EXERCISE AIM
Retype, word for word, every line from the one holding "Una silueta negra" through the one holding "ほんのり光を含んだようなグレ" in the entries below, both included, and only those lines.

RECORD EXCERPTS
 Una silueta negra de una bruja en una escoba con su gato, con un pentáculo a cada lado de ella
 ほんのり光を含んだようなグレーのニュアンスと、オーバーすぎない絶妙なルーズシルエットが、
...
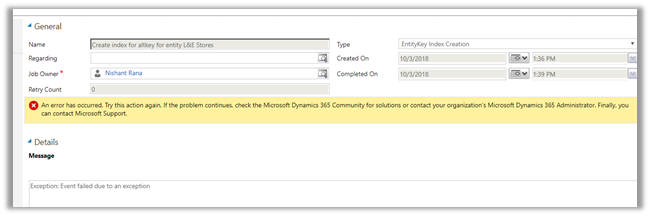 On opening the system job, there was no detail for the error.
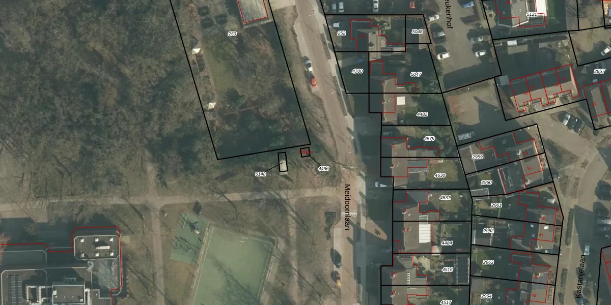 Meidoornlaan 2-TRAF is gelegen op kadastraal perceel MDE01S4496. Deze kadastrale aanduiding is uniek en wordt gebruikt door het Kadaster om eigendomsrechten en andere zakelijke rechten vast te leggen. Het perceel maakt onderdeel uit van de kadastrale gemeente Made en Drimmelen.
--
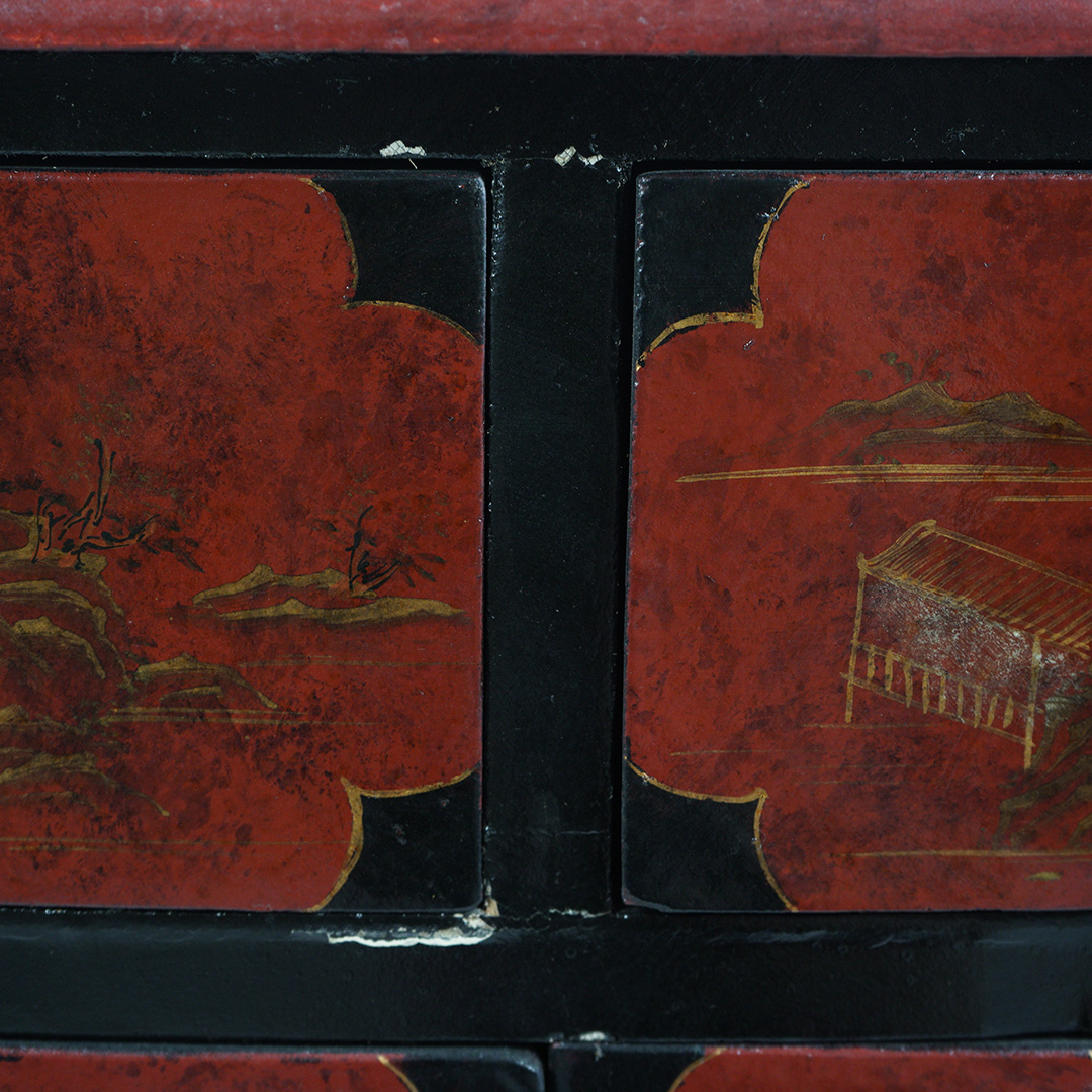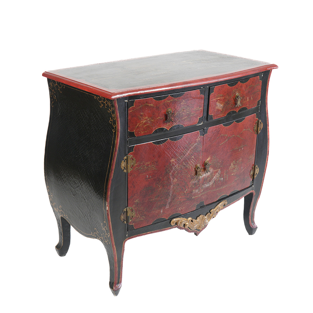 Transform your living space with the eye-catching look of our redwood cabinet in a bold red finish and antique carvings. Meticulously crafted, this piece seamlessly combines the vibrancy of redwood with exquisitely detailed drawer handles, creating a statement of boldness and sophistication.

ANSWER FOR THE TASK
 Una silueta negra de una bruja en una escoba con su gato, con un pentáculo a cada lado de ella
 ほんのり光を含んだようなグレーのニュアンスと、オーバーすぎない絶妙なルーズシルエットが、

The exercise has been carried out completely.